PROBLEM - Leave every image behind and restate the data word for word.

EXERCISE DATA -
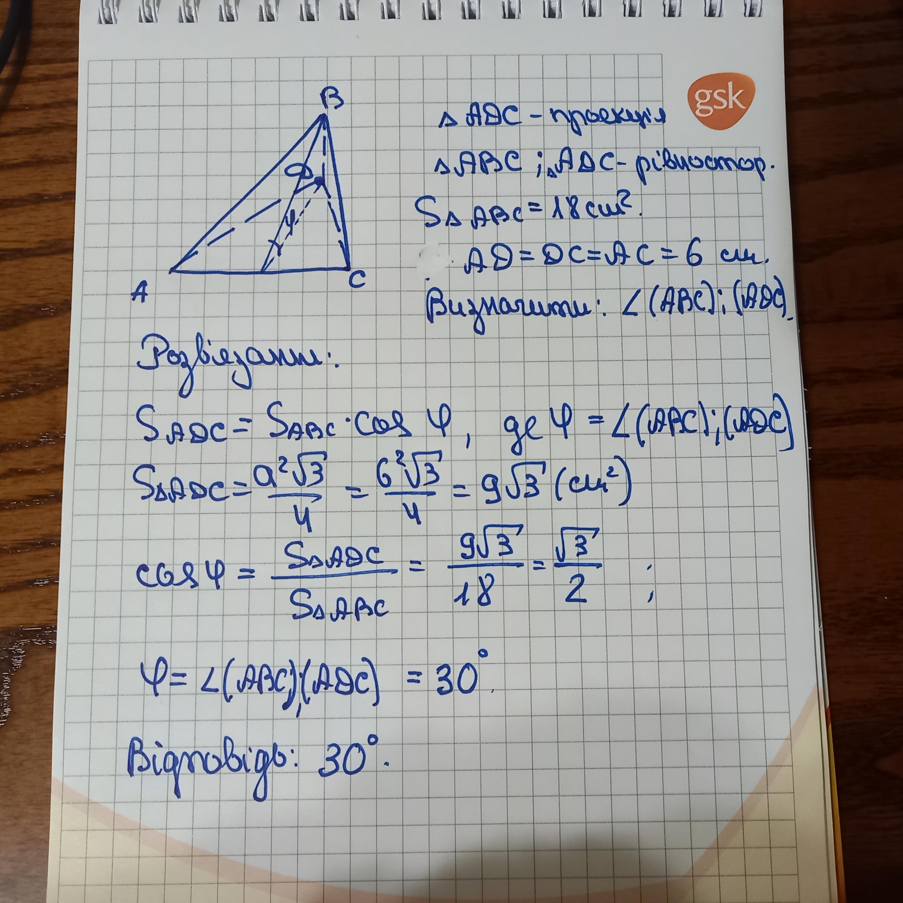 Ортогональною проекцією трикутника, площа якого дорівнює 18см2, є рівносторонній трикутник зі стороною 6см. Визначте градусов міру куда між площинами трикутників
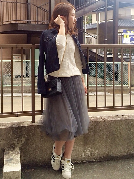 たっぷりのふんわりチュールがガーリーなコーデにしてくれる♡
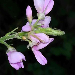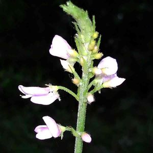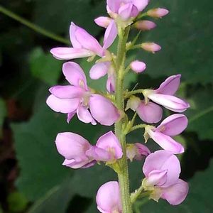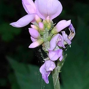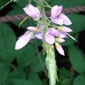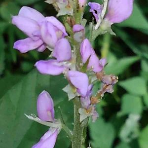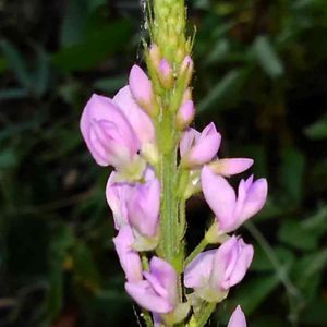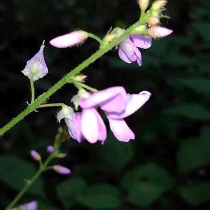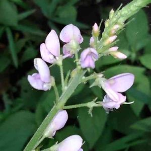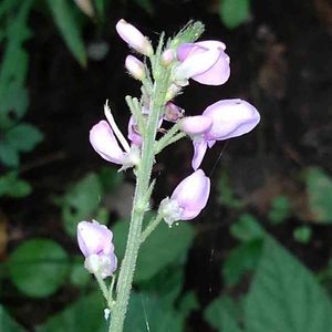 フジカンゾウです。 ヌスビトハギ属の花は小さな花が多いのですが、この花はかなり大きいです。本には花一つが8〜10mmと書いてあります。林の中で、このピンクはとても目立ちます。花の房は20cmほどになります。 このヌスビトハギ属の豆果は子供のころ、田舎では"泥棒"と呼んでいました。ヌスビトハギの盗人(ヌスビト)と同じ意味なんでしょうね😅。盗人が忍び足で近づいた時の足跡と豆果の形が似ているらしいです😊
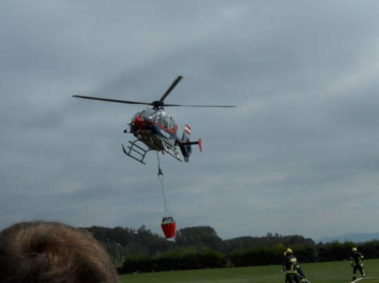 Weiter ging es auf das Übungsgelände, dort wurden diverse Einsatzszenarien vorgestellt, vom Bekämpfen eines Waldbrandes, über die Rettung von Personen aus Höhen und Tiefen, die Bekämpfung von Wohnungsbränden, Retten von Personen aus verunfallten PKWs, Einsätze von Großraumpumpen, Aufgaben des Sprengdienstes und des Wasserdienstes und der Einsatztaucher.

ANSWER SECTION -
 Ортогональною проекцією трикутника, площа якого дорівнює 18см2, є рівносторонній трикутник зі стороною 6см. Визначте градусов міру куда між площинами трикутників
 たっぷりのふんわりチュールがガーリーなコーデにしてくれる♡
 フジカンゾウです。 ヌスビトハギ属の花は小さな花が多いのですが、この花はかなり大きいです。本には花一つが8〜10mmと書いてあります。林の中で、このピンクはとても目立ちます。花の房は20cmほどになります。 このヌスビトハギ属の豆果は子供のころ、田舎では"泥棒"と呼んでいました。ヌスビトハギの盗人(ヌスビト)と同じ意味なんでしょうね😅。盗人が忍び足で近づいた時の足跡と豆果の形が似ているらしいです😊
 Weiter ging es auf das Übungsgelände, dort wurden diverse Einsatzszenarien vorgestellt, vom Bekämpfen eines Waldbrandes, über die Rettung von Personen aus Höhen und Tiefen, die Bekämpfung von Wohnungsbränden, Retten von Personen aus verunfallten PKWs, Einsätze von Großraumpumpen, Aufgaben des Sprengdienstes und des Wasserdienstes und der Einsatztaucher.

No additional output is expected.